- [AIM OF THE EXERCISE] The material below includes pictures; leave them out and return only the lines between the line containing "Doctor'S Best Bacopa" and the line containing "Furthermore, the Hilbert", inclusive, word for word.

- [RECORDS PROVIDED]

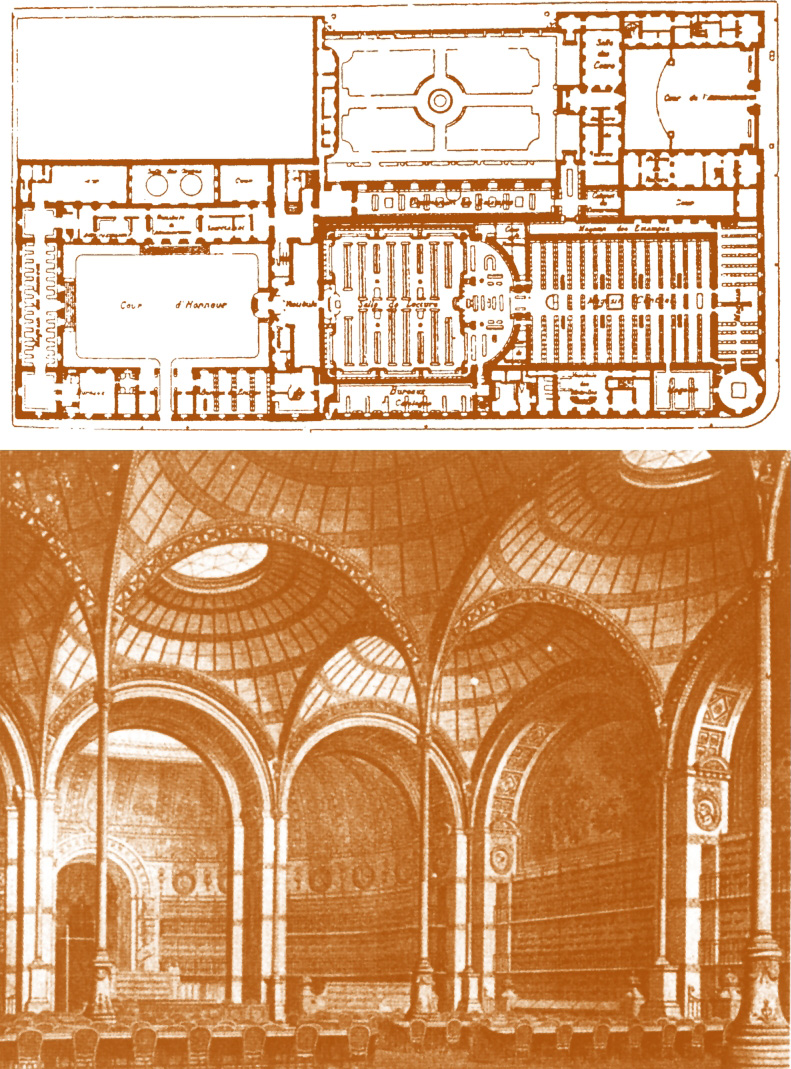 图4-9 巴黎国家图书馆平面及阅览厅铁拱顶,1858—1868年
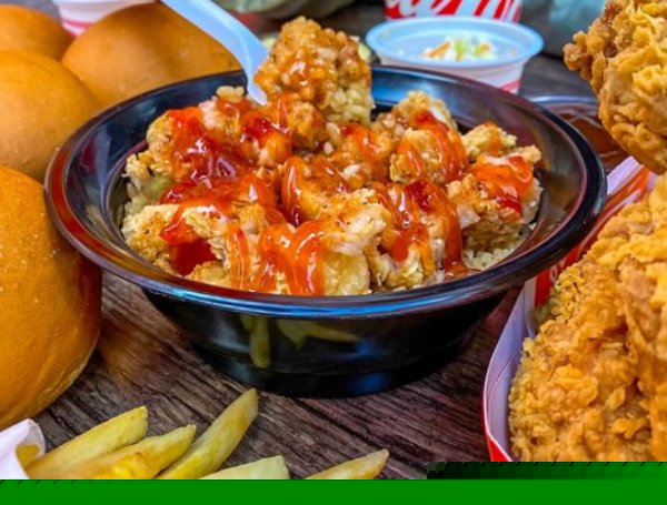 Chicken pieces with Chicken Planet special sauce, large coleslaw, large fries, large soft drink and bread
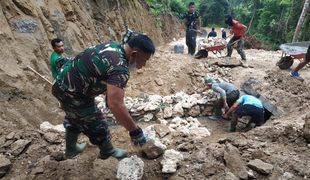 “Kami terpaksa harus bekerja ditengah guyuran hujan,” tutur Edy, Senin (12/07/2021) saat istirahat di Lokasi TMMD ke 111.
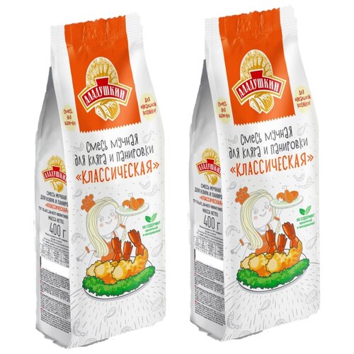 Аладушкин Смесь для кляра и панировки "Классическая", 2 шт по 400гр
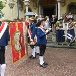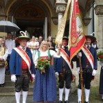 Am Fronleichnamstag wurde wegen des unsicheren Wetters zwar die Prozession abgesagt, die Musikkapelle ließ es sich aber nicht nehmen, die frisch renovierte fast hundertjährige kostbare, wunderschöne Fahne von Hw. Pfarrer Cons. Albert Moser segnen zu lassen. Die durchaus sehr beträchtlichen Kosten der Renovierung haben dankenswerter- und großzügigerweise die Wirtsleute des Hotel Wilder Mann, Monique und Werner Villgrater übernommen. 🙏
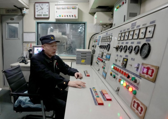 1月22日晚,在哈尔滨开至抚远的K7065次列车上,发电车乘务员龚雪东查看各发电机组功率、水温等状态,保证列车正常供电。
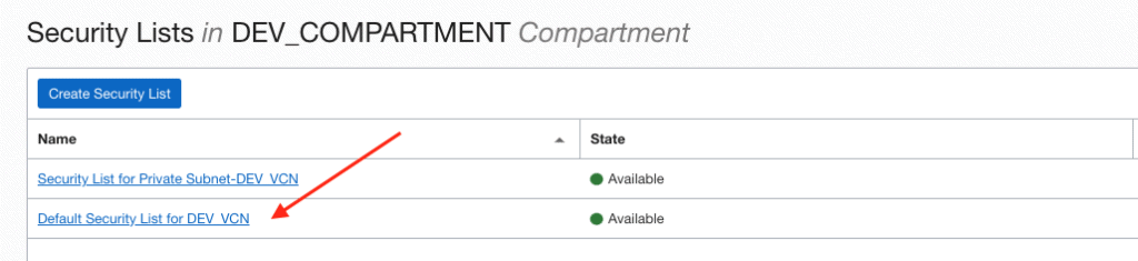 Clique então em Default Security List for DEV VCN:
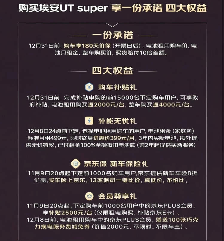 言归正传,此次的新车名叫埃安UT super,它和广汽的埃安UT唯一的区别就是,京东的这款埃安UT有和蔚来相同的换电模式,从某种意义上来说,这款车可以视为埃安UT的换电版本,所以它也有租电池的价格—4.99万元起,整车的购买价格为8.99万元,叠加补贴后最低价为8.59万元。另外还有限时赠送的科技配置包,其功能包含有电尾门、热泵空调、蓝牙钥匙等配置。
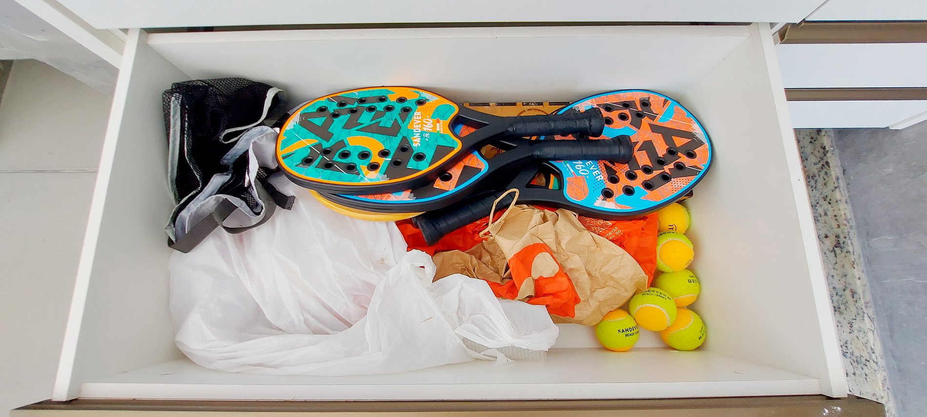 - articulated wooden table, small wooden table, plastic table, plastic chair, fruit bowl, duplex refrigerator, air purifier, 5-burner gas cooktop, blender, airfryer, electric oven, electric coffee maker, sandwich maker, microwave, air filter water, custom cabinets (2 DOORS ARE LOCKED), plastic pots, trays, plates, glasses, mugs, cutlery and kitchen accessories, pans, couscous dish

* * *

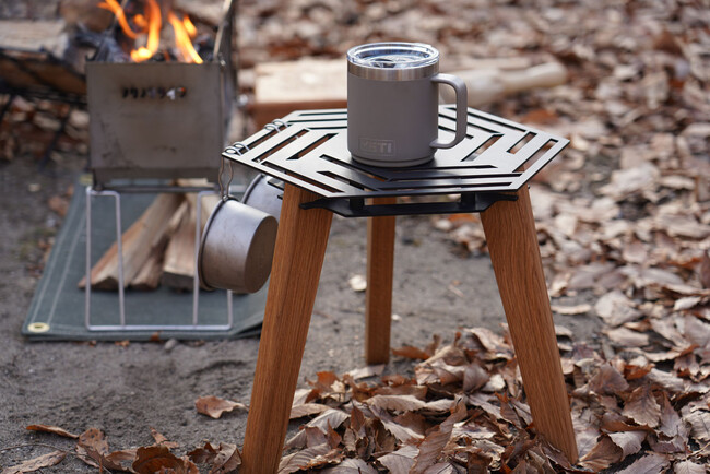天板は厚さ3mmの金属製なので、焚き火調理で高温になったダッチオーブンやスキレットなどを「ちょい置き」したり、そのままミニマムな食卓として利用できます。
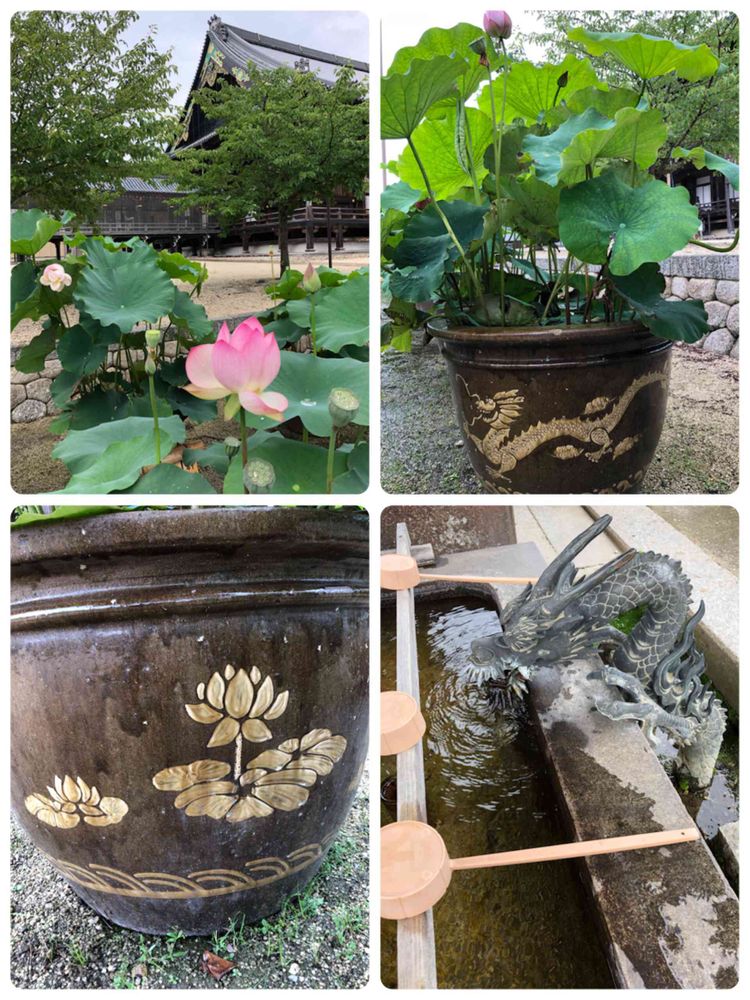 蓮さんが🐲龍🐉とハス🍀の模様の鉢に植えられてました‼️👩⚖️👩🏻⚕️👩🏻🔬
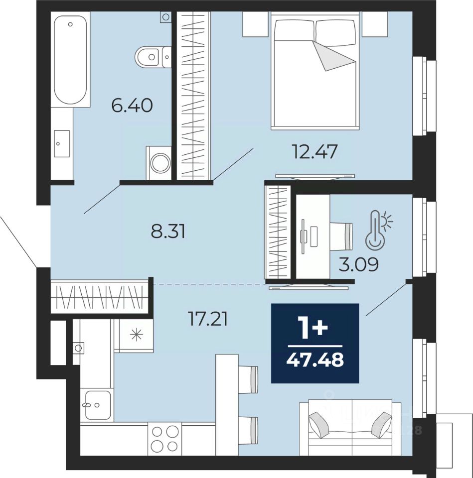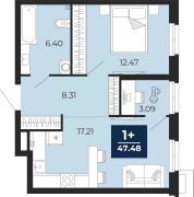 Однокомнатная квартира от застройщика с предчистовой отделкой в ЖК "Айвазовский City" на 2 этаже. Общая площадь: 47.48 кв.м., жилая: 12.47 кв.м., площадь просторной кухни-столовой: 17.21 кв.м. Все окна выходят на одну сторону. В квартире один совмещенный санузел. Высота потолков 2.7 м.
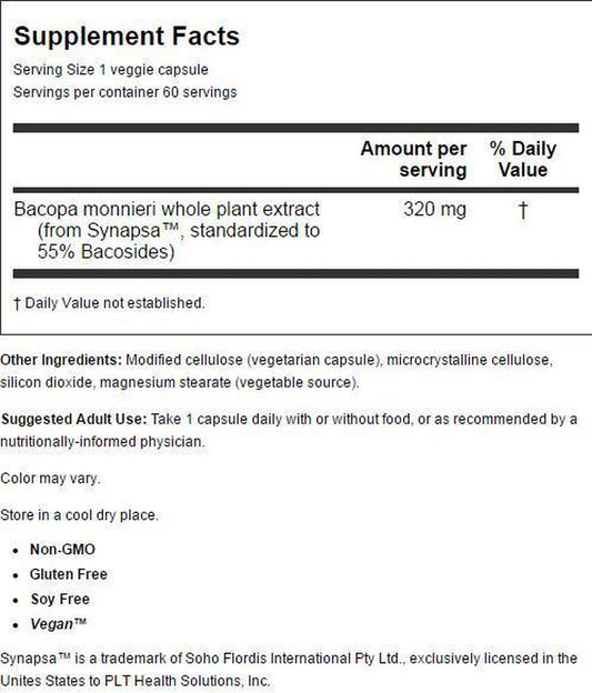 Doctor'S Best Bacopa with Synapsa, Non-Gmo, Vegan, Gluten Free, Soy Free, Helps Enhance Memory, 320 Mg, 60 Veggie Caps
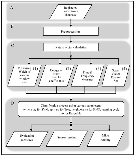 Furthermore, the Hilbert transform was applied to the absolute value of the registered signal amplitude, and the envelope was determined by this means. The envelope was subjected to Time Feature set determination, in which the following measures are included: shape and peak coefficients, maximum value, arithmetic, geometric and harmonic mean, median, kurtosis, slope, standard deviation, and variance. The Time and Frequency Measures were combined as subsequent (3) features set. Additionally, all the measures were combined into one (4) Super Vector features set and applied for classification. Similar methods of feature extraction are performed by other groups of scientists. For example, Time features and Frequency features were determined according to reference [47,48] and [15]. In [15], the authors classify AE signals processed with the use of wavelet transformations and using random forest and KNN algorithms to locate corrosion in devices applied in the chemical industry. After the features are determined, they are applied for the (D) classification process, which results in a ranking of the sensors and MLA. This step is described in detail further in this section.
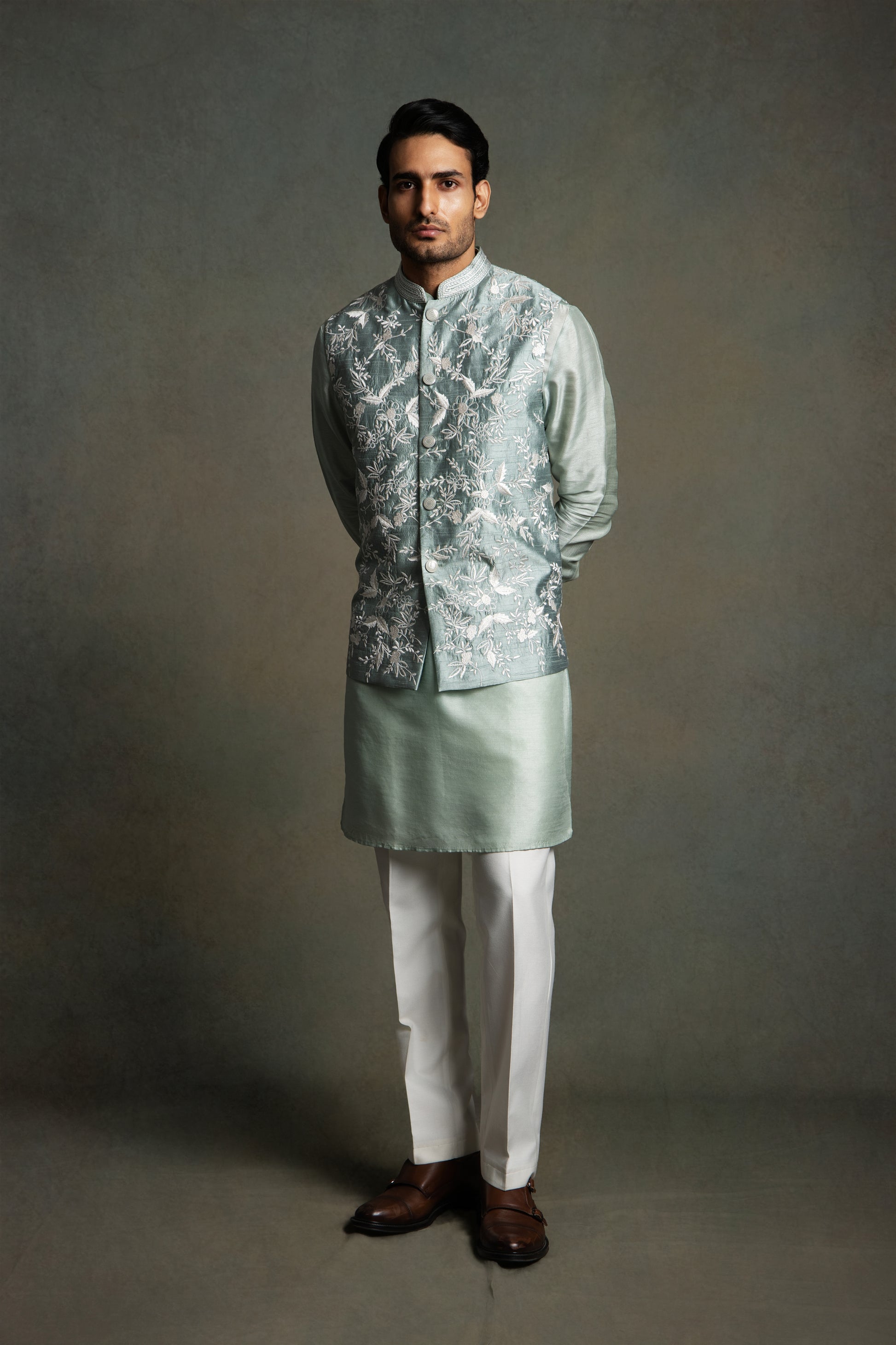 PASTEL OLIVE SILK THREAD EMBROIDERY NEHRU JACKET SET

- [SOLUTION TO THE PROBLEM]
 Doctor'S Best Bacopa with Synapsa, Non-Gmo, Vegan, Gluten Free, Soy Free, Helps Enhance Memory, 320 Mg, 60 Veggie Caps
 Furthermore, the Hilbert transform was applied to the absolute value of the registered signal amplitude, and the envelope was determined by this means. The envelope was subjected to Time Feature set determination, in which the following measures are included: shape and peak coefficients, maximum value, arithmetic, geometric and harmonic mean, median, kurtosis, slope, standard deviation, and variance. The Time and Frequency Measures were combined as subsequent (3) features set. Additionally, all the measures were combined into one (4) Super Vector features set and applied for classification. Similar methods of feature extraction are performed by other groups of scientists. For example, Time features and Frequency features were determined according to reference [47,48] and [15]. In [15], the authors classify AE signals processed with the use of wavelet transformations and using random forest and KNN algorithms to locate corrosion in devices applied in the chemical industry. After the features are determined, they are applied for the (D) classification process, which results in a ranking of the sensors and MLA. This step is described in detail further in this section.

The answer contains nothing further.